I must say this is the first Stephen King book I have finished, growing much too frightened midway through Pet Cemetery many years back. But his writing is just as captivating as he speaks out to this younger audience! The characters are ones we can relate to, a not so perfect King, a first born Prince who learned some lessons the hard way, and a younger Prince who made many mistakes but was determined enough to right them. And of course there is the villain Flagg who has the potential to haunt the reader's nightmares for a long time, just as he did every other character in the story. And the pictures were beautiful and well times, exciting my son as he was given an image to go with scenes he could only imagine.

I am not sure that this book is wholly appropriate for children as young as mine, he has a mature taste, but I do recommend it to young and budding readers. This is a great first book to get a young adult hooked on the master of horror himself! I say pick up a copy now and put it on your child's bookshelf for the future! I can't wait until my daughter is old enough to hear it, too!

Monday, July 7, 2014

American Gods

American Gods is mostly the story of Shadow, a recently released convict who finds himself at a loose end when he discovers his wife has died in a car accident. Having nothing to go home to and no job, Shadow agrees to take up employment with a mysterious man named Mr. Wednesday. As the story unfolds and Shadow tries to understand the events taking place around him, he soon realizes that they people he is dealing with are bigger than he was prepared for; gods kind of bigger. Meanwhile Gaiman also presents us with the stories of the people who brought those gods to this country they find themselves trapped in. With a war between old and new on the horizon, Shadow finds himself enmeshed in things he had not even known were an issue.

Once more Gaiman has presented me with a story that fascinated me until the very end. I have always been fascinated by the old gods, ones that have become obsolete as people forget them and the rituals that were dedicated to them. Gaiman not only gives us an explanation on how those gods made it to our country before fading into the background, but he presents us with how these gods would react and handle the weakening of power as people forget them completely.
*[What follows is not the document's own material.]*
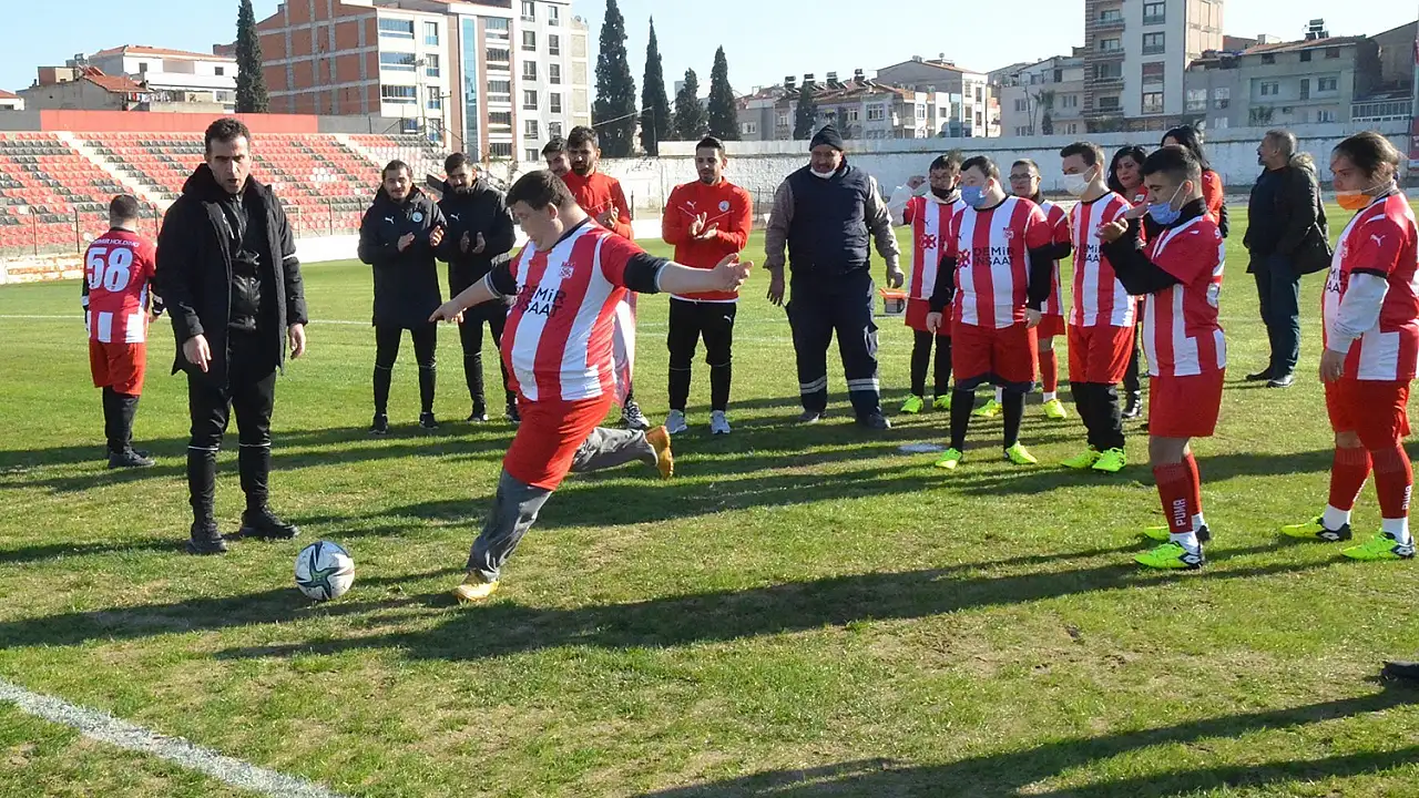 Manisa'nın Turgutlu ilçesinde down sendromlu öğrenciler yeşil sahaya adım attı.
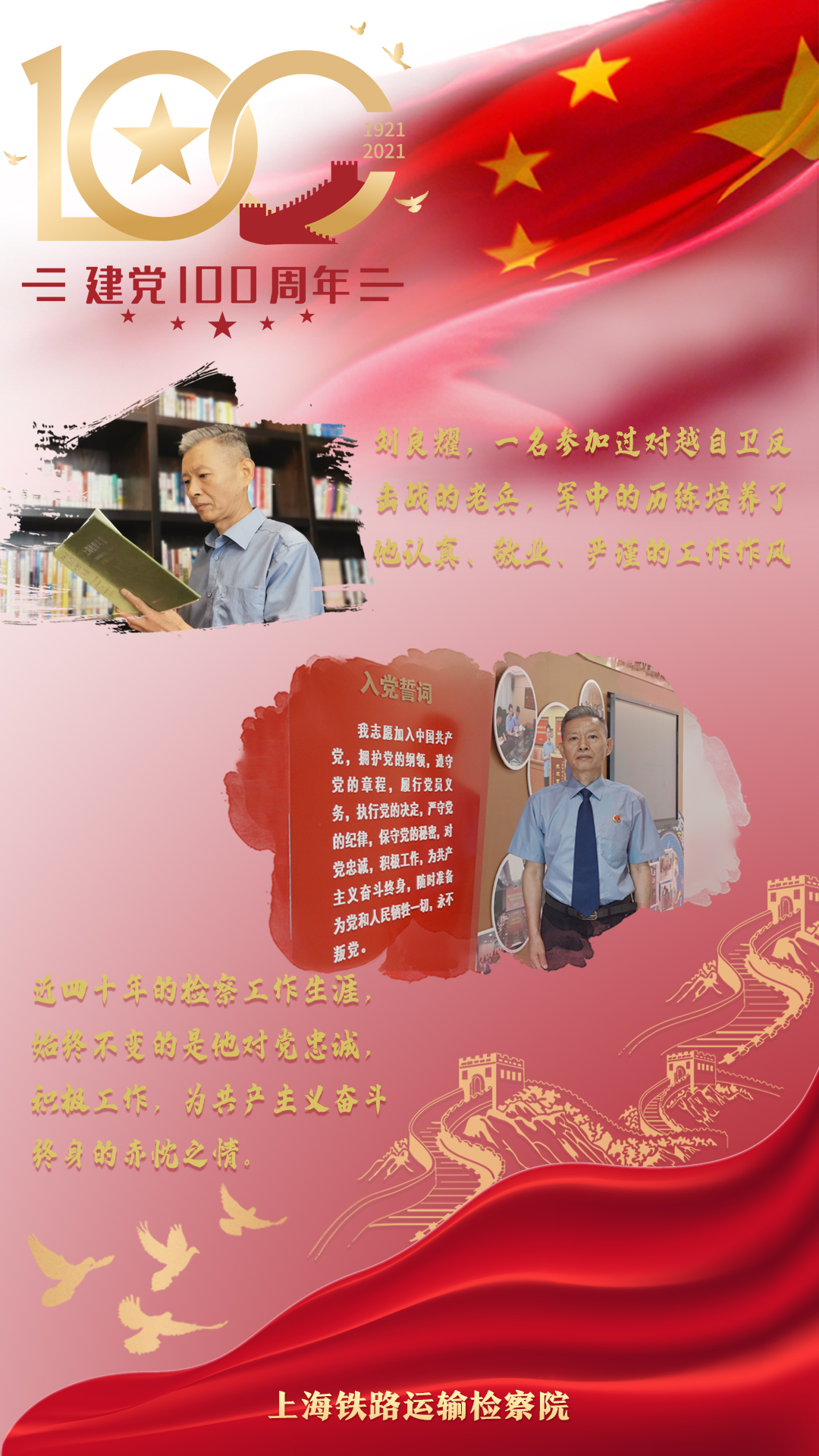 劉良耀,經(jīng)受過戰(zhàn)場洗禮的老兵,也是上海鐵路運輸檢察院第一位軍轉(zhuǎn)干部。參加過對越自衛(wèi)反擊戰(zhàn)的他,在部隊培養(yǎng)了認真、敬業(yè)、嚴謹?shù)墓ぷ髯黠L。先后在上海鐵路運輸檢察院辦公室、政治部、紀檢監(jiān)察工作,近四十年的檢察工作生涯,始終不變的是他對黨忠誠,積極工作,為共產(chǎn)主義奮斗終身的赤忱之情。不忘初心、牢記使命,讓我們用實實在在的工作為黨旗添光彩!

Meanwhile Shadow is caught up in events that he can hardly believe as gods he could not believe in move around him. Trying to understand everything and simply do as he is told, he is confused by the fact that so many seem to think he is important for no other reason than he is. As that story unfolds, Gaiman did a wonderful job of giving the reader only enough information to be on pace with Shadow as he struggles to figure things out, allowing them to be just as surprised as the main character by the truths hidden behind all the mystery that is the gods.

I love Gaiman's writing style, something I really came into contact with as I moved from his graphic novels to actual novels with Stardust. The fact that he is not originally from America did nothing to stop him from telling an amazing story about the beliefs that led to our mixed culture. He weaves a wonderful tale with his writing skills! I look forward to reading more of his work! I highly recommend this book to everyone looking for a tale outside the norm about beings not only forgotten in the literature, but also among the readers. I hope you are just as impressed as I was by this master of writing. Let me know what you think!